Une crise de Chloé, une de plus : visite aux toilettes par le haut…
Elle est descendue faire une course, me laissant seule dans son appartement pour une demi-heure.
Son journal intime  - car elle en tient un, telle une demoiselle du 19ème siècle - est ouvert sur la table…
Indiscrètement (et alors ?!), je l’ai parcouru…
« Samedi.
Je me suis levée ce matin avec l’envie de faire une crise. J’ai prévu de la faire ce soir à 19h. Je suis allée à la piscine nager 40 minutes en prévision de toutes les calories que mon corps gardera malgré les vomissements.
Je nage sans m’arrêter, au bord de l’évanouissement. Il faut bien cela pour préparer une crise, pour l’engendrer de toutes ses forces.
Quelle douceur de se sentir protégée dans le cocon de l’eau.
J’avais deux achats à faire dans Paris. Je n’ai pas pris le métro. Je marche le plus rapidement possible pour perdre encore plus de calories.
J’ai sauté le déjeuner, je n’ai pas mangé ce matin, tout va bien…
Je suis légère et belle.
X m’a appelée, il veut m’inviter à « manger » mardi midi. Je lui mens : « prenons plutôt un café, j’ai une réunion jusqu’à 13h. » Je ne peux pas manger au restaurant le midi, c’est trop compliqué … Vomir le midi, au resto, c’est du stress en trop.
J’ai faim. Mon ventre est creux. C’est très bien. Je ne me suis pas pesée ce matin mais hier, j’avais perdu 1,5 kgs par rapport à la semaine dernière. Ça commence à devenir un poids acceptable. La semaine dernière, j’étais grosse… grosse… et grosse…
Pourvu que je ne sois pas grosse demain ! Je serai laide et sexuée. Je veux être belle. N’être plus qu’une âme à peine visible : deux sublimes yeux qui mangent le corps.

Je ne peux pas encore m’acheter de nouveaux vêtements, je suis encore trop grosse. Tant de lipides sur mon ossature me donnent la nausée. J’ai vu, l’autre jour, le dessin d’un squelette, gracile et dansant. C’était une sanguine, le mouvement de la main était vraiment beau… Mon pouce est si fin qu’il possède presque ce charme volatile que j’aimerais mien.
C m’a dit que j’étais belle, je ne le crois pas. Si c’était vrai, M m’aimerait… C m’a dit que j’étais intelligente. Peut-être…
Léa m’a dit qu’il fallait que je trempe les gâteaux un peu trop secs, comme les petits beurres, dans du lait chaud pour mieux les rendre.
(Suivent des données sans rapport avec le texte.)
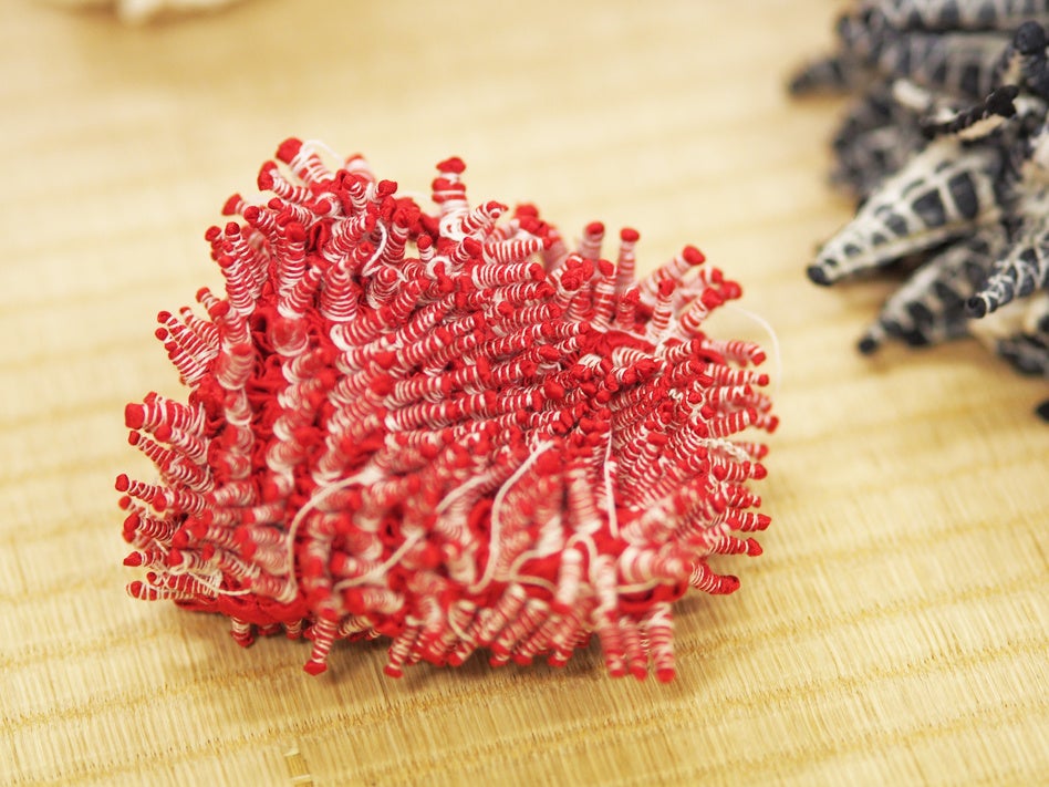 「SHIBORI BAG」に使われている絞りの手法は摘んだ生地を先まで巻き上げる「蜘蛛絞り」、摘んだ生地の根元を一粒一粒縛る「三浦絞り」、蜘蛛絞りをさらに細かく巻き上げる「唄絞り」など、4種類。同じ形のバッグも別のものに見えるほど、絞りの手法によって印象が変わります。作業工程を見ると(写真右上)、ひとつのバッグが完成するまで気の遠くなるような作業が繰り返されているのが分かります。ぜひ手に取って、絞りの質感と技術を感じてください。

Je lui ai dit merci, je voulais tellement en manger.
Je suis allée faire mes achats de crise. C’était, comme toujours, très compliqué, mais j’ai fini par acheter les mêmes victuailles que d’habitude : tarama, couscous, crèmes au chocolat, blinis, coca light pour faire passer, lait, quiche, boite de pois chiche, quatre sandwichs jambon-fromage, un quatre quart…
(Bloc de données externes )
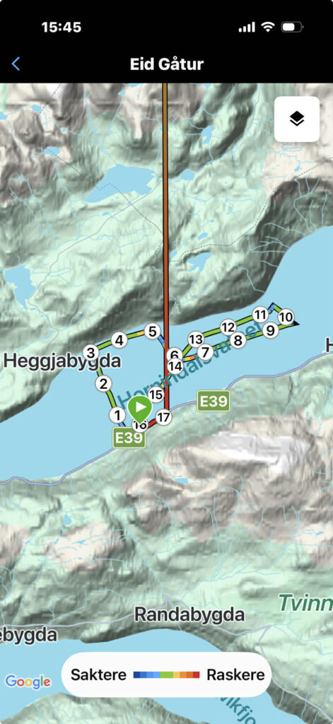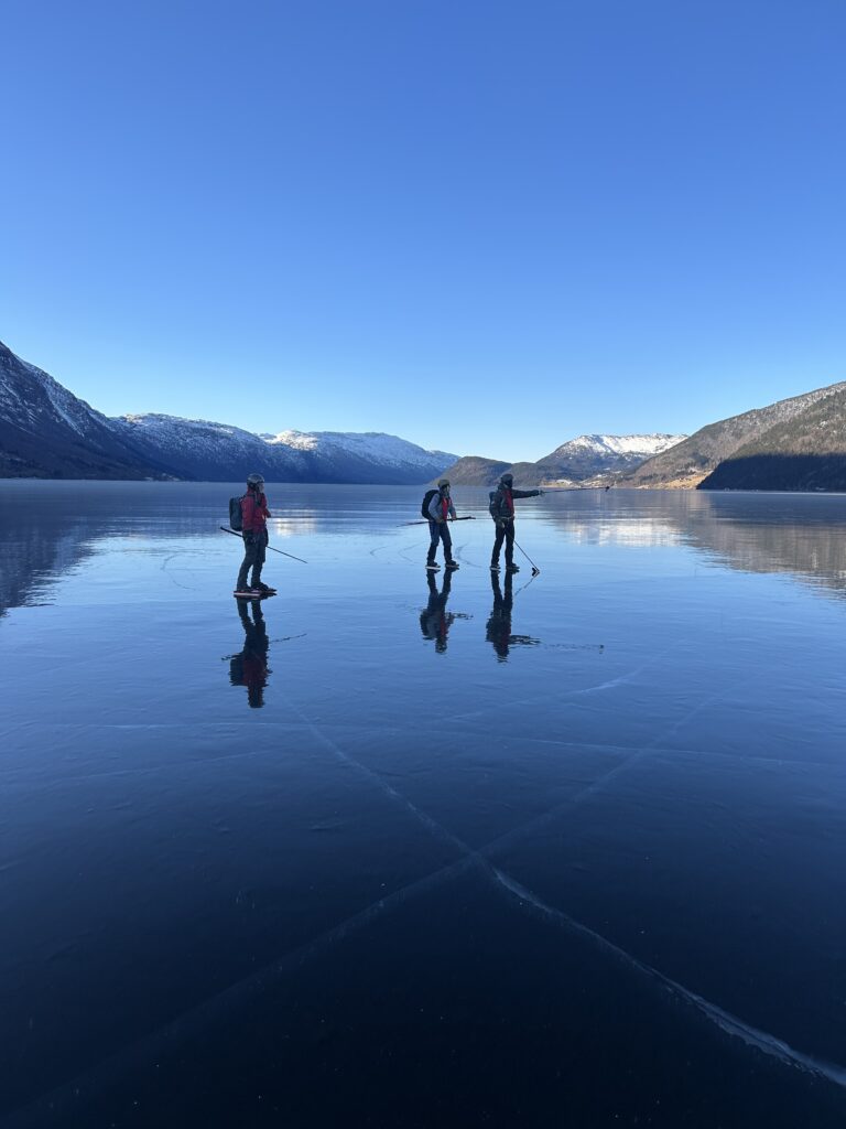 For det er en glede – en stor glede, å gli nærmest lydløst og friksjonsfritt – med enkelt skøyteteknikk, gode stål og turskisko med BC binding. Vi opplevde ingen dramatikk, vi hadde hele den store isen for oss selv, og fikk 12 blanke kilometer på skøyteeggen, før vi ble lokket av rykter om god skøyteis på Austrefjorden innafor Volda. Vi måtte selvsagt dit også, før vi tok turen tilbake til Østlandet. Mer om det senere.

Je suis tombée en arrêt devant un pot de Nutella, j’ai très longuement hésité, mais le Nutella se vomit très mal.
J’ai également acheté le repas que je garderai : quatre compotes de pomme allégées, une bouteille de Contrex, de la soupe de légumes bio en bocal.

J’ai fait ma crise…
Attablée, seule… Tous mes achats exposés devant ma bouche, un sac poubelle par terre pour jeter les emballages au fur et à mesure que je vide les paquets.
J’avale, j’engloutis. C’est interdit ! C’est si bon de manger comme on me l’interdit. Mais qui me l’a interdit ? La Beauté ! La Beauté me l’a interdit. Elle m’interdit le plaisir. Mon ventre se remplit, il se gorge et devient laideur. Je suis laide, grosse et faible. Je regarde le vide. Ma main se rue sur un sandwich pendant que j’avale sans mâcher un blini baigné de tarama. Je bois du lait. Je bois du coca light.
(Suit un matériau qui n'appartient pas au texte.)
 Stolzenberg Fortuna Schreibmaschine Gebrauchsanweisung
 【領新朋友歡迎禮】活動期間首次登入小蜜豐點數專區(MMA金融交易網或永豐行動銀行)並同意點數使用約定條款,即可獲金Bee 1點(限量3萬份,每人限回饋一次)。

Je ne peux tout finir, je ne peux plus rien entreposer dans mon ventre. Il faut pourtant tout vider, ne rien garder .J’essaie encore d’avaler quelques bouchées, de finir le pot de pois chiche froids. Rien à faire… Je jette ce qui reste dans la poubelle en ayant soin de le recouvrir de cendres de cigarette et de liquide vaisselle. Je ne dois pas être tentée d’aller chercher la nourriture dans la poubelle.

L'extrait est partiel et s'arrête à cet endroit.